The Astrophysical Corona as the Minimum Atmosphere Surrounding Embedded Non-Force-Free Flux Tubes [SSA]

http://arxiv.org/abs/1903.09993


The equilibrium of current-carrying magnetic fields (e.g. flux tubes) embedded in a large-scale background field is developed and discussed in the astrophysical context. Embedded non-force-free current-carrying fields require a minimum surrounding atmosphere, which by direct pressure balance has a gas pressure everywhere proportional to the background magnetic pressure. Formally, the MHD equations, with flows and gravity as part of a wide class of physical processes, separate into independent local and global relations representing an equilibrium solution for embedded current-carrying fields. The local pressure relation for the embedded field is a 3D Grad-Shafranov equation with finite-sheath solutions. The global relation reproduces the ambient MHD pressure equation without the embedded fields, but instead with the constraint that the ambient gas and magnetic pressures vary in proportion, as with the direct pressure balance. A coupled gas pressure in magnetically dominant regimes necessitates refilling outflows in a depleted atmosphere (actualized by flux-tube Lorentz forces) providing a compressively heated equilibrium corona with a specific global distribution of density, temperature, and steady accelerated outflow, all defined by the large-scale background magnetic field.

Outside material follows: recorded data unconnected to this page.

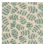
L5052_GNOCC HI_N3137_N313 5_FE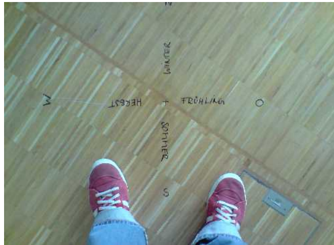
Verortung im Raum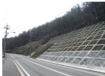
25年公共土木施設災害復旧費 (事業費5億1,173万円)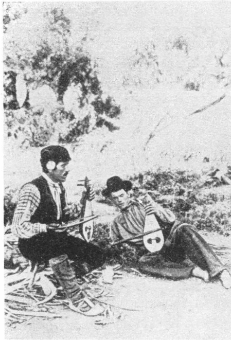
Svirači s lirama. — Bugari u Cogeali (Rumunjska). Joueurs de lyre. — Bulgares de Cogeali (Roumanie).

preživljuje i na Jadranu svoje davne pretke, koje su u Evropi inače svuda bez izuzetka već davno zamijenili novi razvijeni, savršeniji i izmijenjeni oblici — naša je lira — lijerica u pravom smislu dragocjena muzička »živa starina«, pažnje vrijedna ne samo sa naše strane, nego i sa podija opće evropske instrumentalistike i njezine historijske pozadine.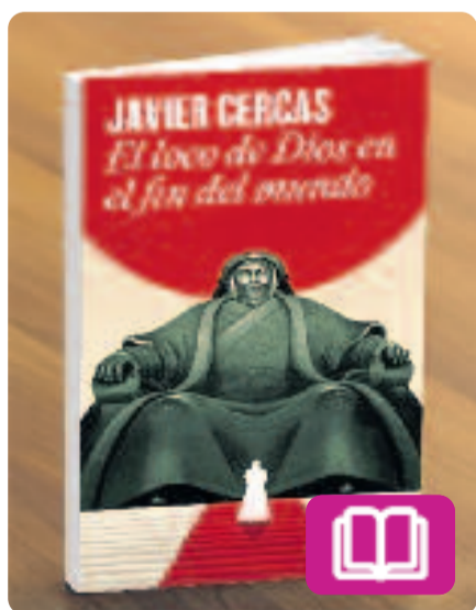
El loco de Dios en el fin del mundo Javier Cercas

Es tracta d'una novel·la que aborda una de les preocupacions fonamentals de la societat actual: el paper de la religió i de l'espiritualitat avui dia i la recerca de la immortalitat. Ho fa partint d'una proposta que li va fer el Vaticà, que, de forma insòlita, li va oferir fer un viatge a Mongòlia juntament amb el papa Francesc.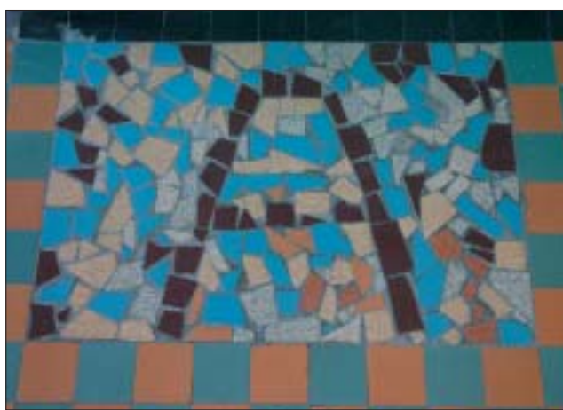
Les mosaïques au sol.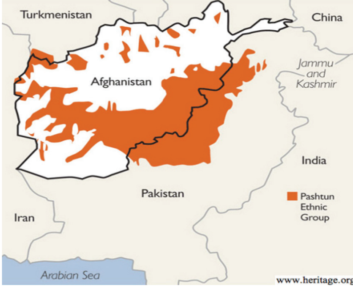
Harita 2: Peştun Nüfusunun Dağılımı

Peştunlar Afganistan'ın güney ve merkez bölgelerinde yoğun olarak yaşayan ve ülke nüfusunun yaklaşık olarak yüzde 38'ni oluşturan bir etnik grup olarak biliniyor. Ülkenin Kuzey bölgelerinde, özellikle de sınır bölgelerinde bir diğer yoğun olarak yaşayan nüfus ise başını Özbeklerin çektiği, yüzde 15 ile yüzde 20 civarında, içinde Türkmen ve Kırgız olan Türklerdir (Kırım Haber Ajansı, 2018).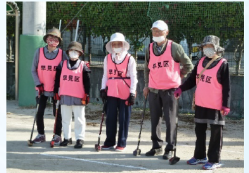
試合開始直前の緊張感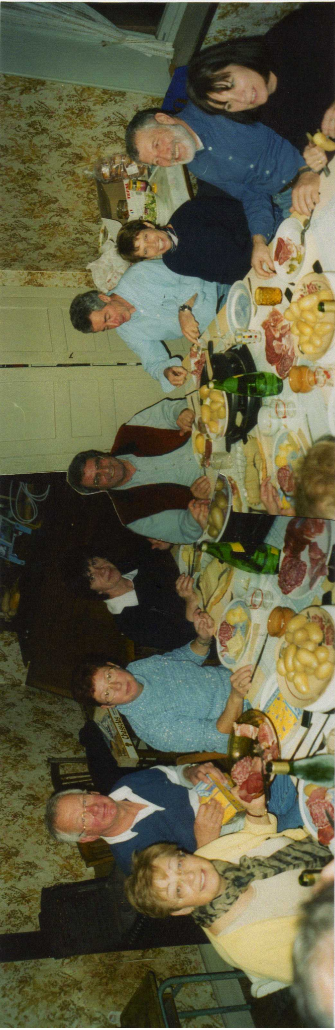
En attendant que le vin "dégongêfe", comment ne pas être de bonne humeur devant ces plats de confort mousillés.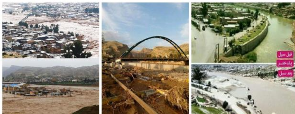
شکل (۳). رودخانه کشکان در پلدختر قبل و بعد از سیل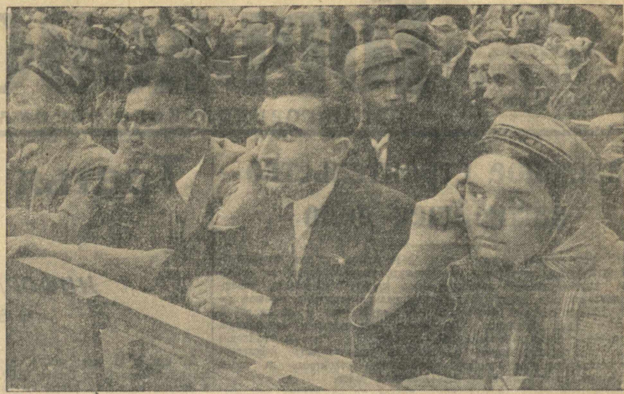
Третья Сессия Верховного Совета СССР. На снимке: В Большой Кремлевском Дворце на первом совместном заседании Совета Союза и Совета Национальностей.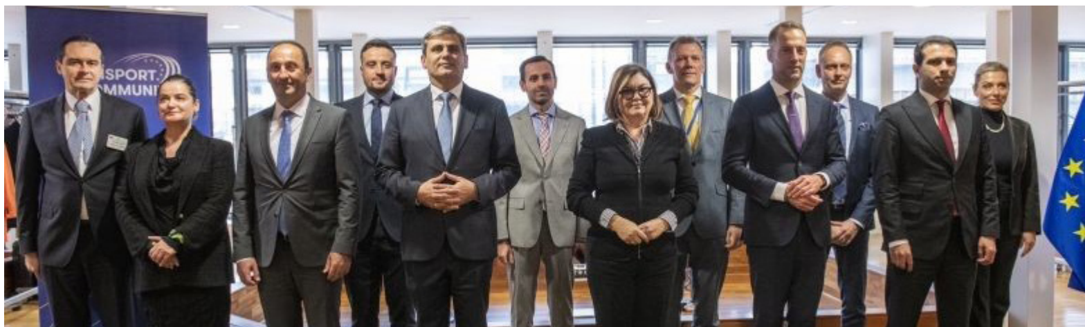
Sa sastana Transportne zajednice kojom predsjedava Crna Gora

Balkana odvijaju se u posebnom okviru poznatom kao proces stabilizacije i pridruživanja.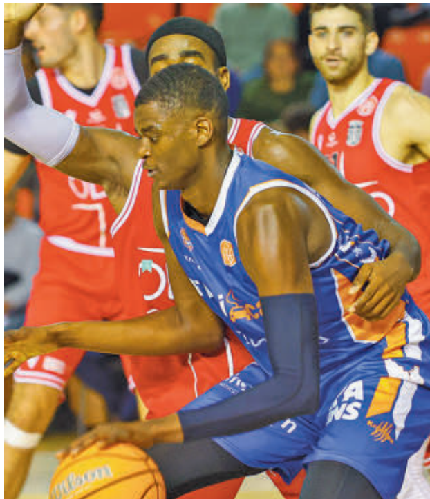
Plantilla actual del Innova-tsn Leganés

Suma y sigue. Tanto Flexicar Fuenlabrada como Movistar Estudiantes continúan con su particular pulso a tres bandas con el Silbó San Pablo Burgos por el liderato de la Primera FEB, una competición que intensifica su actividad en estos primeros compases de diciembre. Para empezar, este fin de semana se celebra la jornada 10, con partidos a priori de dificultad di-

Magnetic footpoint compression and twisting in a high-gas-pressure field-forming region (e.g. convection zone) outside, as below, the magnetically dominant regime, can introduce and sustain non-force-free embedded fields, thereby providing the energy for the coronal atmosphere. Such coronae may be relevant on very different astrophysical scales: around the sun and stars, and ranging from planets, to neutron stars, black holes, and spiral galaxies. Predicted coronal temperatures are corroborated.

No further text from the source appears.